Banks as Promise Keepers
In my 20 odd years in the treasury business, I have seen the sales efforts of banks from many perspective. I worked for a bank selling FX and MM products for six years, I was a banks’ customer working for a corporate treasury for five years, and the last ten years, I have worked with several banks to sell solutions to corporate treasuries.
The banks’ sales people have an excellent starting point for effective sales. The banks typically have existing relationships with the clients and only few companies refuse to meet with a sales person from their bank. Despite this excellent position, the banks’ sales people quite often manage to blow their chances — they do not prepare well enough for the client meetings, they do not acquaint themselves with clients’ needs, they don’t check what they promised the last time around.
When I worked at a corporate treasury, we tried to keep an open mind for the banks’ sales calls.
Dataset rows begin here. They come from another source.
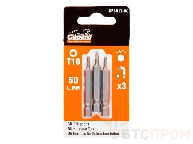 Насадка TORX T10 50мм 3шт GEPARD (GP3517-50) (бита звездочка шестилучевая звезда сталь S2 магнитная) GP3517-50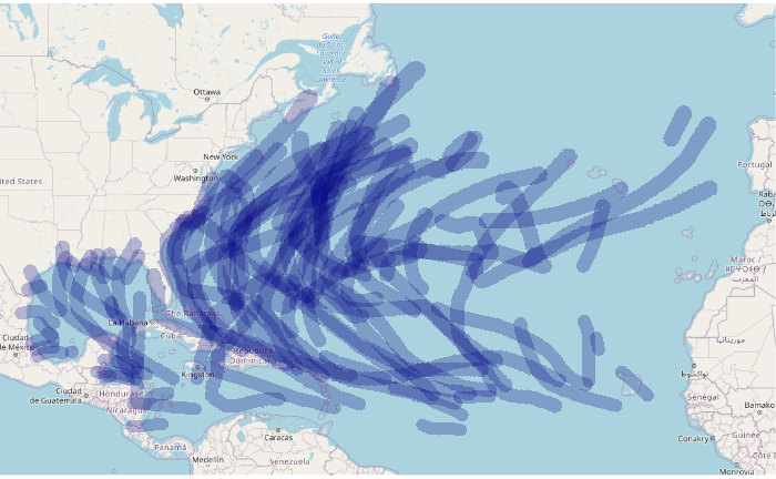 Because individual storms are represented as sequences of waypoints, we can connect those waypoints to form lines that visualize the paths of the storms.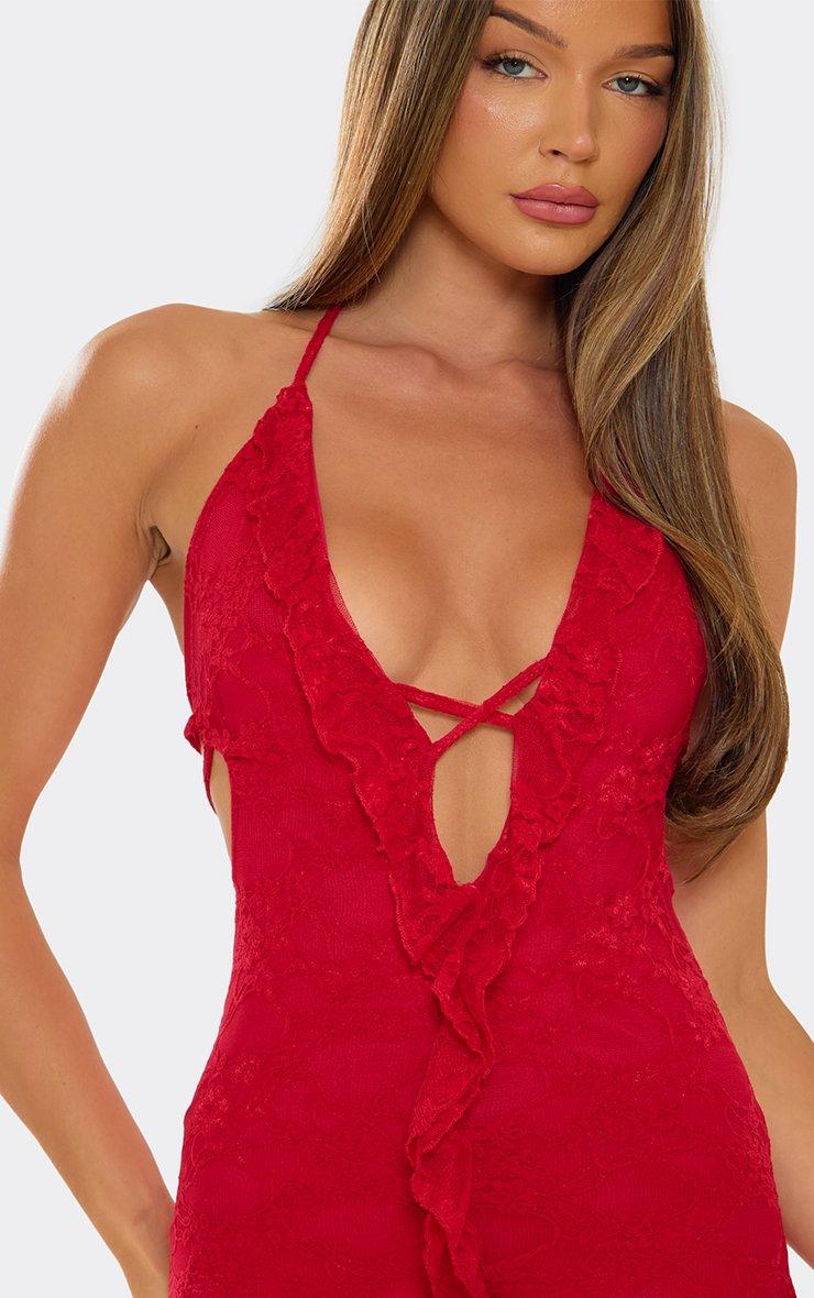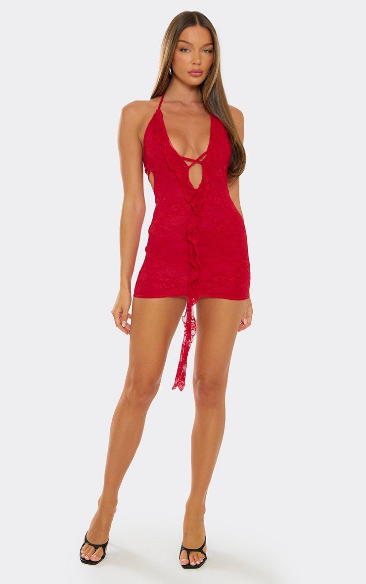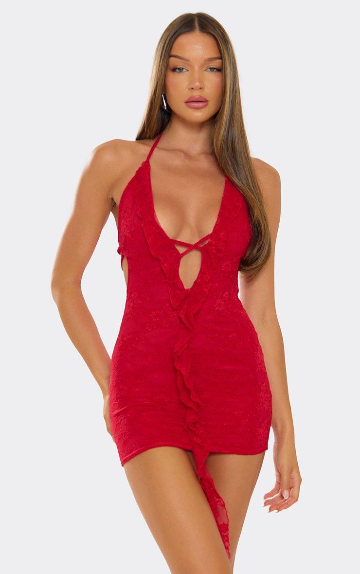 Plunge Halterneck Frill Detail Bodycon Mini Dress In Red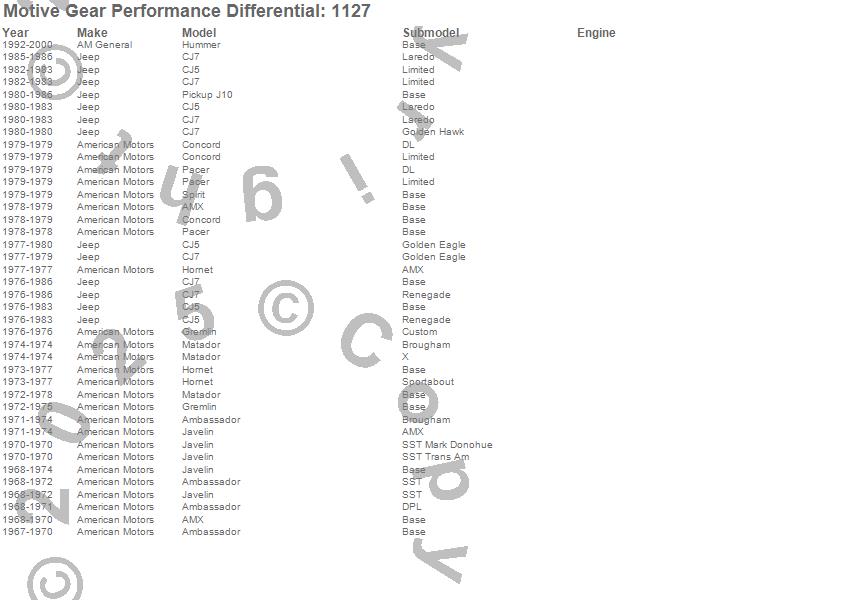 Below is an abreviated list of applications for the Pinion Shim Pack.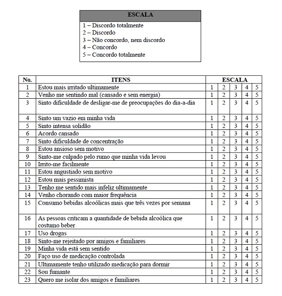 Após a elaboração dos itens por cada domínio realizou-se a análise de juízes (5 professores doutores) e análise semântica (20 sujeitos de homens e mulheres, com idade entre 20 e 49 anos). O resultado destas análises sugeriu um instrumento composto por 23 itens, subdivididos em dois domínios.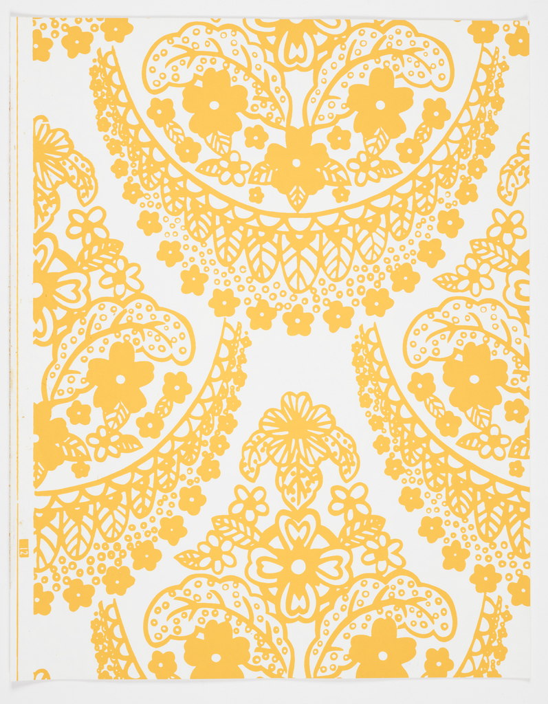 This is a Sample book. It was manufactured by F. Schumacher & Co.. It is dated 1978 and we acquired it in 1979. Its medium is screen printed on paper, cotton. It is a part of the Wallcoverings department.

We were quite direct about the problems we were facing and we asked for solutions. When we started noticing that the meetings were a waste of time, we devised a test for the banks.
During two month’s time, we met with the representatives of six international finance institutions. We presented them all with the same challenge regarding the centralized hedging of FX risks in our South African subsidiaries and asked them to give us suggested solutions with the help of the banks’ experts.
The bank representatives nodded their heads while having their bisquits, wrote down our request, and promised to get back to us. With a request this tangible, we thought that all the banks would have gotten back to us (even though we did suspect some of them did not have a full solution).
Rather mind bogglingly, only one of the six banks got back to us. This bank that met the bare minimum requirement of sales effort, soon became our main partner in FX dealing. I don’t actually recall if the solution suggested by them was any good or even if we used it at all. What was relevant was that they kept their promise.
The other banks probably did not realize why their volumes went down. And we did not feel it was our job to tell them, either.